As you can see, pass by address and pass by reference have almost identical advantages and disadvantages. Because pass by reference is generally safer than pass by address, pass by reference should be preferred in most cases.

Passing by reference, address, and value is actually not so different

Now that you understand the basic differences between passing by reference, address, and value, let’s complicate things by simplifying them. :)

In the lesson on passing arguments by reference, we briefly mentioned that references are typically implemented by the compiler as pointers. Because of this, the only real difference between pointers and references is that references have a cleaner but more restrictive syntax. This makes references easier and safer to use, but also less flexible. This also means that pass by reference and pass by address are essentially identical in terms of efficiency.

Here’s the one that may surprise you. When you pass an address to a function, that address is actually passed by value! Because the address is passed by value, if you change the value of that address within the function, you are actually changing a temporary copy. Consequently, the original pointer address will not be changed!

Here’s a sample program that illustrates this.

#include <iostream>

int nFive = 5;
int nSix = 6;

// Function prototype so we can define
// SetToSix below main()
void SetToSix(int *pTempPtr);

int main()
{
    using namespace std;

    // First we set pPtr to the address of nFive
    // Which means *pPtr = 5
    int *pPtr = &nFive;

    // This will print 5
    cout << *pPtr;

    // Now we call SetToSix (see function below)
    // pTempPtr receives a copy of the address of pPtr
    SetToSix(pPtr);

    // pPtr is still set to the address of nFive!
    // This will print 5
    cout << *pPtr;

    return 0;
}

// pTempPtr copies the value of pPtr!
void SetToSix(int *pTempPtr)
{
    using namespace std;

    // This only changes pTempPtr, not pPtr!
    pTempPtr = &nSix;

    // This will print 6
    cout << *pTempPtr;
}

Because pTempPtr receives a copy of the address of pPtr, even though we change pTempPtr, this does not change the value that pPtr points to. Consequently, this program prints

565

Even though the address itself is passed by value, you can still dereference that address to permanently change the value at that address! This is what differentiates pass by address (and reference) from pass by value.
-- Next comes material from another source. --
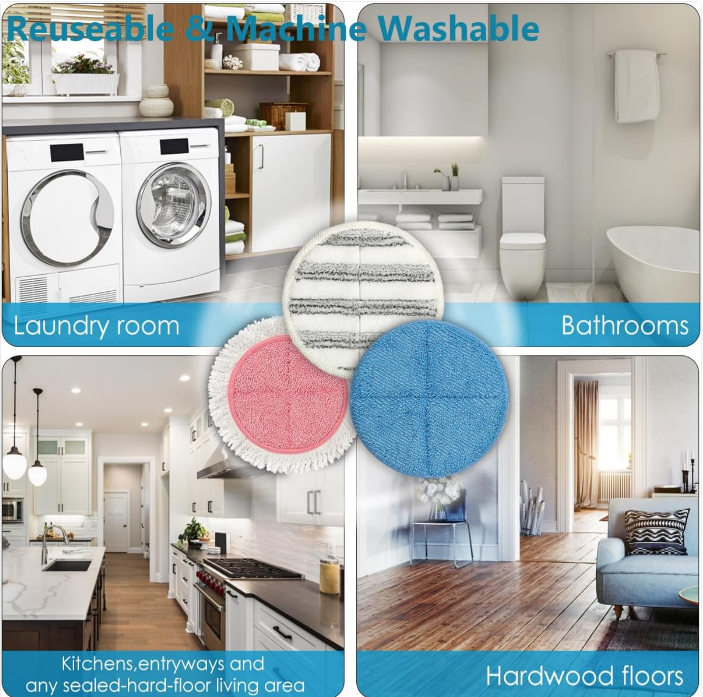
Image: This image showcases the reusability and machine washability of the mop pads, along with examples of different areas and floor types where the mop can be effectively used, such as laundry rooms, bathrooms, kitchens, and hardwood floors.

The next logical question is, “What if we want to be able to change the address of an argument from within the function?”. Turns out, this is surprisingly easy. You just use pass the pointer itself by reference (effectively passing the address by reference). You already learned that values passed by reference reflect any changes made in the function back to the original arguments. So in this case, we’re telling the compiler that any changes made to the address of pTempPtr should be reflected back to pPtr! The syntax for doing a reference to a pointer is a little strange (and easy to get backwards): int *&pPtr. However, if you do get it backwards, the compiler will give you an error.

The following program illustrates using a reference to a pointer.
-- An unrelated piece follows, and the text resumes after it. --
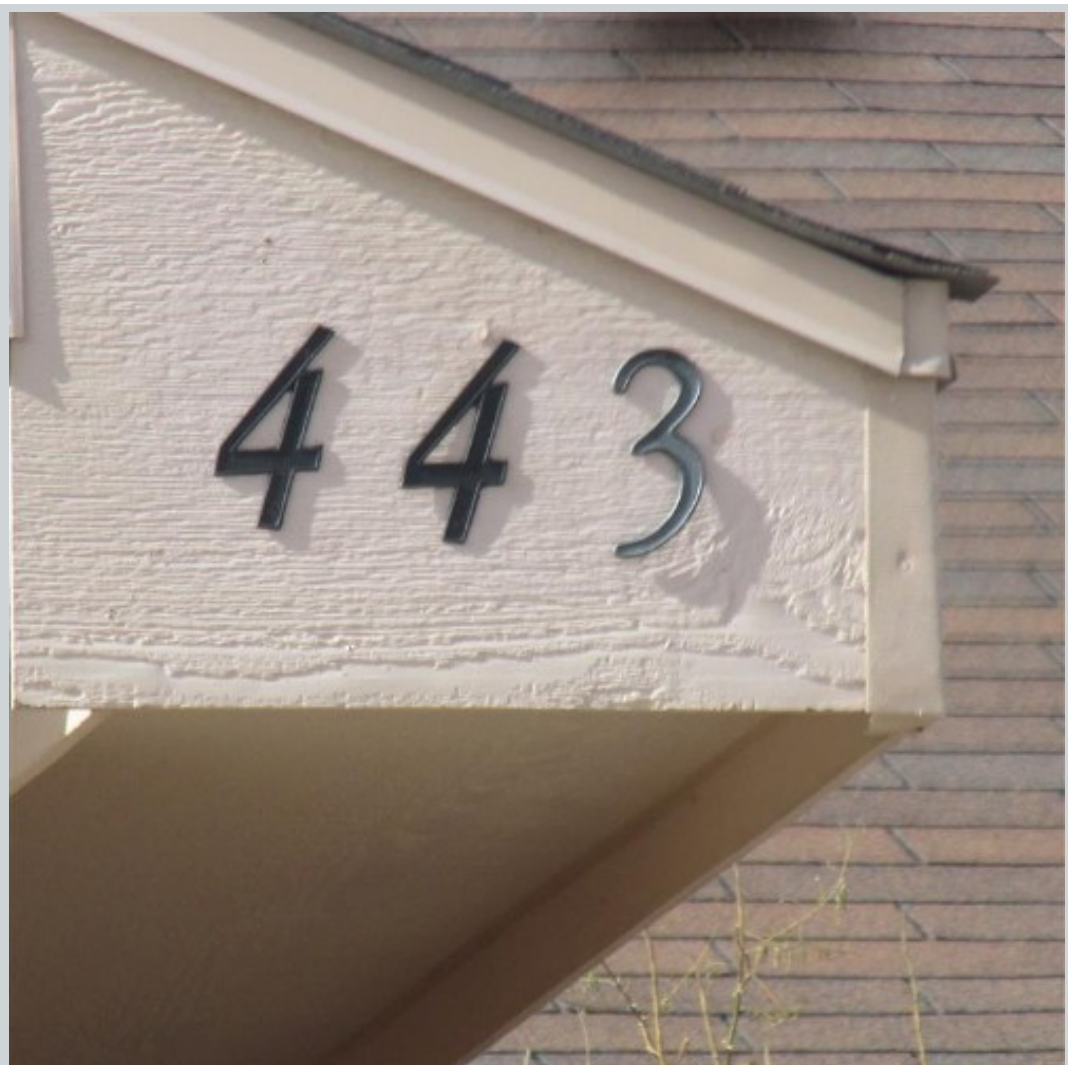
Subject 443 Barberry St Sw

// pTempPtr is now a reference to a pointer to pPtr!
// This means if we change pTempPtr, we change pPtr!
void SetToSix(int *&pTempPtr)
{
    using namespace std;

    pTempPtr = &nSix;

    // This will print 6
    cout << *pTempPtr;
}

Note that you’ll also have to update the function prototype above main to account for the new prototype of SetToSix():

// Function prototype so we can define
// SetToSix below main()
void SetToSix(int *&pTempPtr);

When we run the program again with this version of the function, we get:

566

Which shows that calling SetToSix() did indeed change the address of pPtr!

So strangely enough, the conclusion here is that references are pointers, and pointer addresses are passed by value. The value of pass by address (and reference) comes solely from the fact that we can dereference addresses to change the original arguments, which we can not do with a normal value parameter.

7.4a — Returning values by value, reference, and address
Index
7.3 — Passing arguments by reference

49 comments to 7.4 — Passing arguments by address

  • Jason

    Disadvantages of passing by address:

    Because dereferencing a pointer is slower than accessing a value directly, accessing arguments passed by address is slower than accessing arguments passed by value.

    Could that sentence possibly supposed to read as follows:

    Because dereferencing a pointer is slower than accessing a value directly, accessing arguments passed by address is slower than accessing arguments passed by reference.

    I would think (am assuming) that arguments passed by value would take the longest because they have to be copied.

    [ It turns out that references are usually implemented by the compiler (under the hood) using pointers. Consequently, references aren't any faster than addresses. They just have a nicer syntax, and are safer to use. -Alex ]

  • Jason

    I think I get it. Passing by value is slow because it does a copy. Passing by reference or address is basically the same thing, just different syntax.

    [ Correct. I've read that if you're passing simple built-in variables by value, it can be as fast or faster than passing by reference or address. Generally when we talk about passing by reference or address being faster, we're talking about for compound types (eg. structs and classes). -Alex ]

    —————————————————-
    Comparing these two programs:

    void foo(int *pValue)
    {
        *pValue = 6;
    }   
    
    int main()
    {
        int nValue = 5;   
    
        cout < < "nValue = " << nValue << endl;
        foo(&nValue);
        cout << "nValue = " << nValue << endl;
        return 0;
    } 
    
    Ouput:
    nValue = 5
    nValue = 6
    
    void func(char *address)
    {
        address = "b";
    }
    
    int main()
    {
        char *array = "a";
        cout < < "array = " << array << endl;
        func(array);
        cout << "array = " << array << endl;
    }
    
    Output:
    array = a
    array = a
    

    Why doesn't the second example act as the first example. As the output would be:

    array = a
    array = b
    

    What I've noticed is when passing an array by address it changes the address that the pointer points to when inside the function. This causes the original value to never be changed. I guess that's just how it works.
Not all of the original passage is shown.